▸ **Your objective**:
This exercise calls for the whole listing to be given again exactly, without images.

▸ **Dataset excerpt**:
■ ■ ■ ■ ■ ■ ■

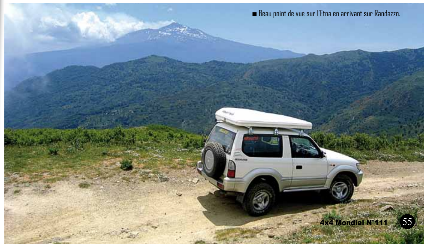
■ Beau point de vue sur l'Etna en arrivant sur Randazzo.

splendide façade est encadrée par des colonnes corinthiennes. Mais la journée s'étire et il faut bientôt repartir pour rejoindre Syracuse. Ce soir hébergement à l'hôtel pour tout le monde. Hélas, ce n'est pas du tout l'ambiance des soirées précédentes. L'hôtel est confortable avec ses 3 étoiles et sa piscine d'un autre monde, mais nous sommes littéralement noyés dans la masse des touristes de tous horizons qui sont venus là par cars
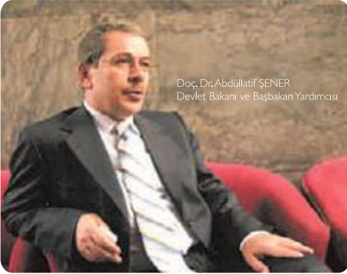
Doç. Dr. Abdullatif ŞENER Devlet Bakanı ve Başbakan Yardımcısı

19-20 Şubat tarihinde Hacettepe Kültür Merkezinde Türkiye'nin her yerinden gelen eğitim kurumu, işletme, özel ve resmi kuruluş temsilcilerinin katıldığı Hayatboyu Öğrenme Programı Bilgilendirme Toplantıları gerçekleştirildi. Genel Program Tanıtımının ardından Comenius, Grundtvig, Leonardo Hareketlilik ve Leonardo Yenilik Transferi ile ilgili paralel çalıştaylar gerçekleştirilerek 1000'in üzerinde potansiyel yararlanıcıya 2007 başvuruların doğrultusunda eğitim verildi.

■ ■ ■ ■ ■ ■ ■

▸ **Task solution**:
■ Beau point de vue sur l'Etna en arrivant sur Randazzo.

splendide façade est encadrée par des colonnes corinthiennes. Mais la journée s'étire et il faut bientôt repartir pour rejoindre Syracuse. Ce soir hébergement à l'hôtel pour tout le monde. Hélas, ce n'est pas du tout l'ambiance des soirées précédentes. L'hôtel est confortable avec ses 3 étoiles et sa piscine d'un autre monde, mais nous sommes littéralement noyés dans la masse des touristes de tous horizons qui sont venus là par cars
Doç. Dr. Abdullatif ŞENER Devlet Bakanı ve Başbakan Yardımcısı

19-20 Şubat tarihinde Hacettepe Kültür Merkezinde Türkiye'nin her yerinden gelen eğitim kurumu, işletme, özel ve resmi kuruluş temsilcilerinin katıldığı Hayatboyu Öğrenme Programı Bilgilendirme Toplantıları gerçekleştirildi. Genel Program Tanıtımının ardından Comenius, Grundtvig, Leonardo Hareketlilik ve Leonardo Yenilik Transferi ile ilgili paralel çalıştaylar gerçekleştirilerek 1000'in üzerinde potansiyel yararlanıcıya 2007 başvuruların doğrultusunda eğitim verildi.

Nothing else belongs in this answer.